The nation's teacher-preparation programs have plenty of room for improvement, according to a new report.
A study released today by the National Council on Teacher Quality argues that teaching colleges are too lenient in their admissions criteria and have failed to prepare their students to teach subjects like reading, math and science.
The study is the group's second in two years. It found that just 17 percent of ed school programs prepare students to teach reading using all five fundamental components of reading instruction. Nearly half of the 907 elementary programs surveyed fail to ensure that candidates are capable STEM – science, technology, engineering and math – instructors.
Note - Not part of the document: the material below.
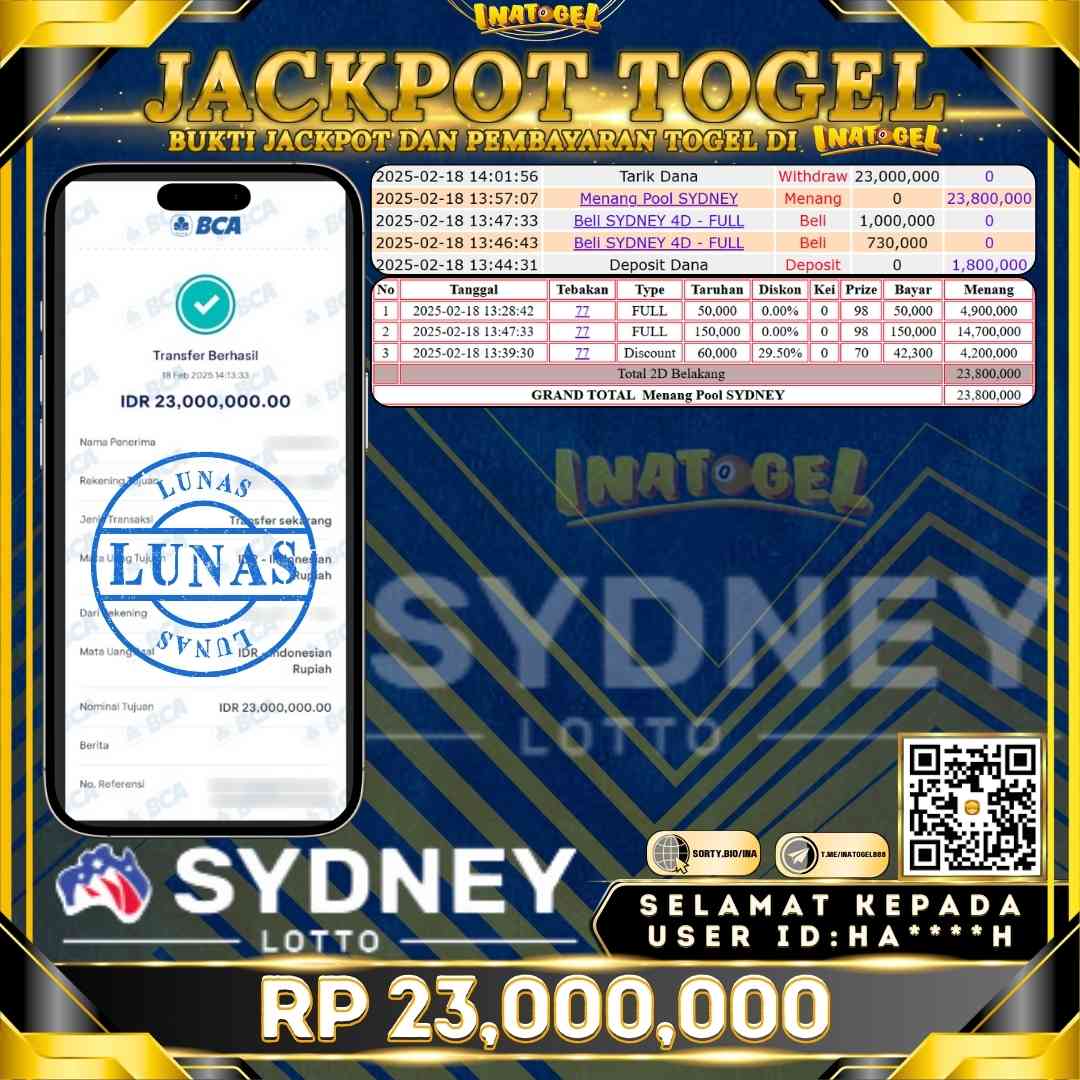 Inatogel Jackpot Togel Sydney Lotto Rp23,000,000

The NCTQ argues that not only are these programs failing to train effective teachers, they're also making things harder for themselves by admitting inferior applicants. Three out of four U.S. schools that train teachers don't require applicants to be in the top half of the college-going population.
The study is a dismal read, given that the U.S. spends more than $6 billion each year to prepare teachers for the classroom.
We asked Kate Walsh, the NCTQ's president, for her take on why — if teacher-prep programs are so bad — school superintendents and administrators aren't sounding the alarm.
"There's a great hesitancy of public school educators to stand up to higher ed," Walsh explains. "They've almost been bullied by them, and one of the things (NCTQ) is trying to work on with districts is to get them to be more assertive about their needs and to say 'I'm not going to hire from you until you teach effective ways of reading instruction.' "
And the top-performing programs, according to the study? They're not the names you might expect.
The top-ranked elementary programs are Dallas Baptist University, Texas A&M University and The Ohio State University. While the top-ranked secondary programs are at Western Governors University (Utah), Lipscomb University (Tennessee) and Fort Hays State University (Kansas).
Few of the country's most prestigious programs make the cut. The report points out that sixty-eight of the top-ranked programs are at public schools that give students more opportunities to learn the tools of the trade without forcing them to take on thousands of dollars of debt.
When NCTQ released a version of this report last year, it was met with some skepticism among educators and those responsible for preparing teachers. Critics said the advocacy group should have visited individual teacher-prep programs and talked to graduates and students, rather than relying on syllabi.
Here's what's different from last year's take: instead of giving schools ratings, this year NCTQ ranked them both locally and nationally, arguing that doing so makes it easier for users to compare various teacher-prep programs.
This year's study is also bigger, including 836 institutions with ranked programs. That compares to 608 institutions last year.
NCTQ isn't the only group putting pressure on schools of education. Earlier this spring, the Obama administration said it is working on a plan to push states to evaluate teacher-prep programs, then to move more financial aid to high-scoring programs.
As Education Secretary Arne Duncan noted, there are more than 1,400 schools of education in the U.S. plus hundreds of alternative certification paths, and "nobody in this country can tell anybody which one is more effective than the other."
Groups like the National Education Association and the American Federation of Teachers have also called for improving teacher prep. The open question now is, How?